What is Love? Baby don’t Hurt Me
By: Mary O’Hern
Have you ever found yourself so wrapped up in the feelings of love that it feels like your head is spinning? But then you wake up one day feeling like you are on a carousel of anxiety, guilt, hurt, and anger, but you can’t get off the ride if this sounds like your life to you, you might be in an unhealthy, toxic, or violent domestic relationship. When relationships are sick, there is a power struggle to control the other partner’s beliefs, ideas, and behaviors. Below are the different ways a person gains control over another:
- Verbal/Emotional Abuse- If you or your partner engage in put-downs, making the other person feel guilty, name-calling, playing mind games, or gaslighting, then it is abuse.
- Intimidation- when you or your partner use looks, gestures, smash things, destroy property, display weapons, or abuse pets.
- Threats- when you or your partner make threats to hurt the other, level, hurt themselves if you leave, or try to get you in trouble with the law.
- Isolation – when you or your partner tries to control what others do, who they see, what they read, and where they go. Usually, jealousy justifies this, but jealousy is not love.

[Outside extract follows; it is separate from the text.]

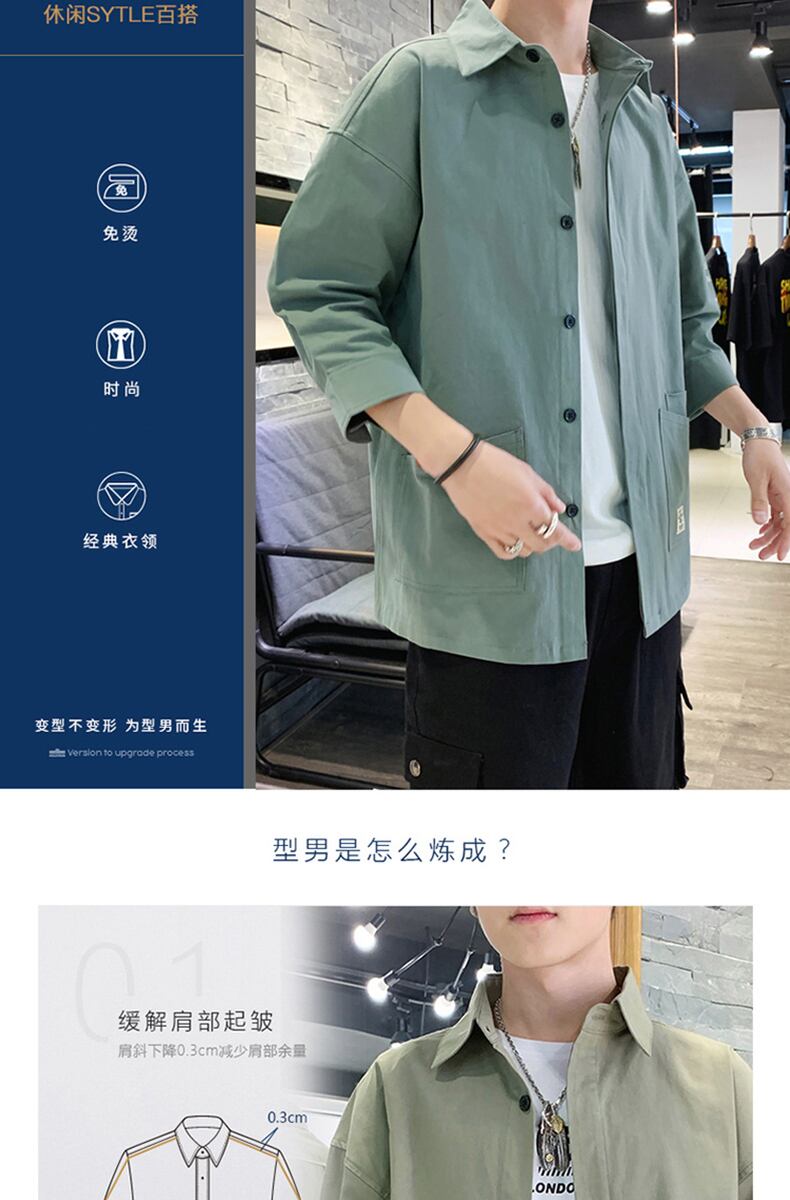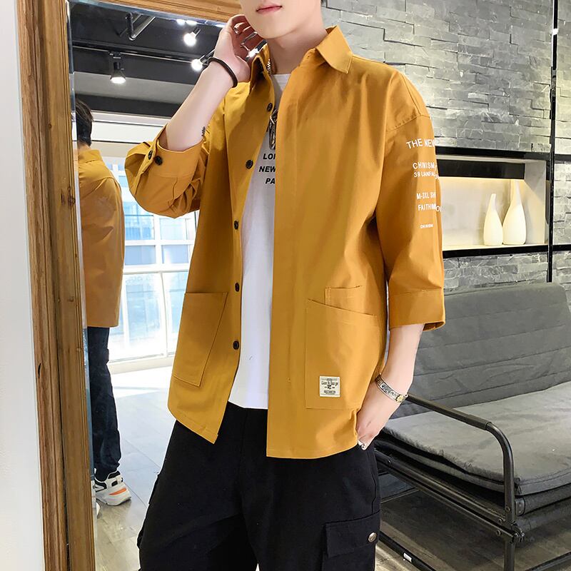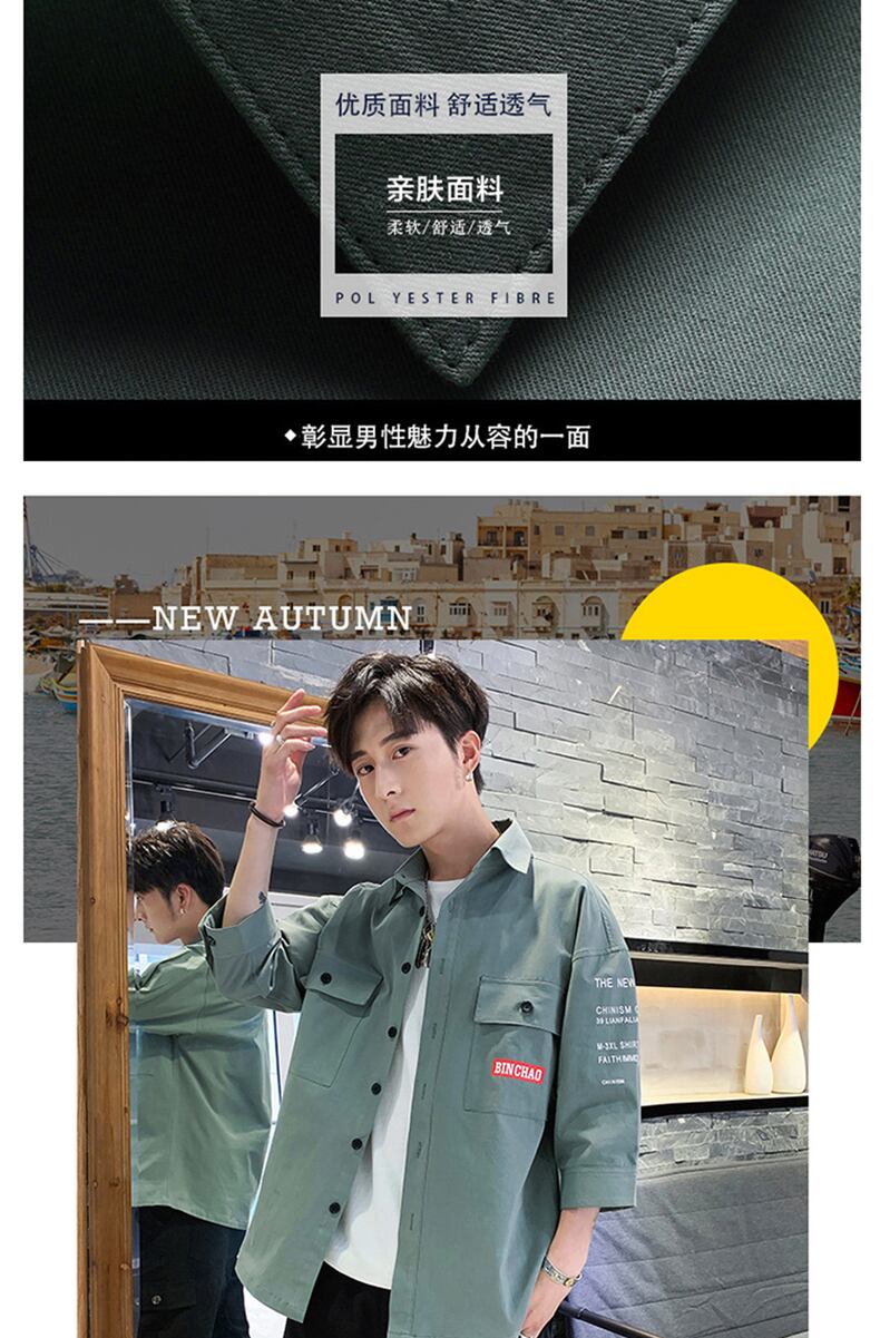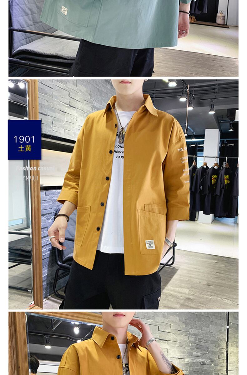 Cotton shirt men's summer new three-quarter sleeve lapel jacket men's tide brand youth five-point sleeve tooling shirt コットン サマー 夏物 doushi42217074024

- Economic Abuse- when you or your partner prevents the other from having money, a job, or knowledge about the finances.
- Using Children- when you or your partner make the other feel guilty about the children, use children to relay messages, or threaten to take children away.
- Minimizing, Denying, and Blaming- when you or your partner make light of the abuse, saying the abuse didn’t happen, shift responsibility for abusive behavior and blame the victim of the abuse.
- Male Privilege- If you have a male partner or are a male, male privilege can be used to treat the other person like a slave, make all the decisions, and define the roles in the relationship.
If you relate to any of this, please reach out for help. Individual therapy could be an excellent way to get support before and after leaving an unhealthy relationship. If you or your children are being abused physically, sexually, emotionally, or verbally please get out. If you are in immediate danger, call 911. If you would like more information, resources, help to get out, or someone to talk to, the national domestic violence hotline is 1-800-799-7233, and the website is https://www.thehotline.org/. If you need shelter due to leaving a domestic violence situation, call 211 for information about shelters for survivors of domestic violence.
The above information was taken from the Duluth Power and Control Wheel.